I believe that both formulations are equivalent – see below:
$$\pi P = \pi$$
$$\pi P^2 = \pi P = \pi$$
$$ \pi P^3 = \pi P^2 P = \pi P^2 = \pi$$
$$\pi P^n = \pi$$
Best Answer
First, any existing limiting distribution must be stationary, see for instance [1] for a more detailed discussion of this. Conversely, there may exist a stationary distribution but no limiting distribution for a Markov chain. Hence, let's consider convergence towards the stationary distribution.

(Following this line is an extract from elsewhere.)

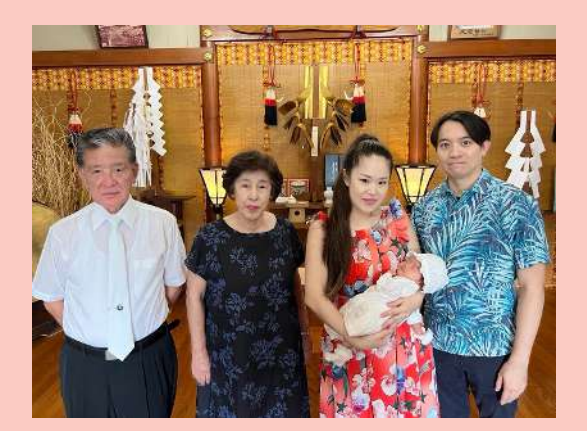
A Baby Blessing was performed on 12/28 for a darling little girl. Congratulations on the arrival of your precious little one!

Second, Markov chain has a unique stationary distribution $\pi$ if and only if it is irreducible and all of its states are positive recurrent. (Any finite-state irreducible chain is positive recurrent.) Assume that this holds, and thus $\pi$ is a stationary distribution that is unique. By definition, $\pi$ is stationary if it is unaffected by the action of transition matrix $P \in \mathbb{R}^{n \times n}$, that is: $$ P^{T} \pi = 1 \pi $$
this implies that $\pi$ is an eigenvector of $P$ with corresponding eigenvalue 1. Since $\pi$ is unique, the eigenvalue 1 is also unique. It can be shown that all other eigenvalues have norm strictly less than 1: $$ \lambda_{1} = 1 > |\lambda_{2}| \geq \dots \geq |\lambda_{n}|. $$
See for example Chapter 2 in [2] for an introduction to discrete time Markov Chains. Note that,
Now, assuming that transition matrix $P$ is diagonalizable, it can be decomposed as: $$ P = \begin{pmatrix} u_{1} & \dots & u_{n} \end{pmatrix} \begin{pmatrix} \lambda_{1} & & 0 \\ & \ddots & \\ 0 & & \lambda_{n} \end{pmatrix} \begin{pmatrix} v_{1}\\ \vdots\\ v_{n} \end{pmatrix} . $$
and we can write: \begin{align*} p(t)^{T} &= p(0)^{T} P^{t} \\ &= p(0)^{T} \sum_{i = 1}^{n} \lambda_{i}^{t} u_{i} v_{i}^{T} \\ &= p(0)^{T} \lambda_{1}^{t} u_{1} v_{1}^{T} + p(0)^{T} \sum_{i=2}^n \lambda_{i}^{t} u_{i} v_{i}^{T} \\ &= p(0)^{T} 1 \pi^{T} + p(0)^{T} \sum_{i=2}^n \lambda_{i}^{t} u_{i} v_{i}^{T} \\ &= \pi^{T} + p(0)^{T} \sum_{i=2}^n \lambda_{i}^{t} u_{i} v_{i}^{T} \end{align*}
Therefore, $\lim_{t \rightarrow \infty} p(t)^{T} = \pi^{T}$, since $|\lambda_{i}| < 1$ for all $i > 1$, and all other terms cancel out in the limit.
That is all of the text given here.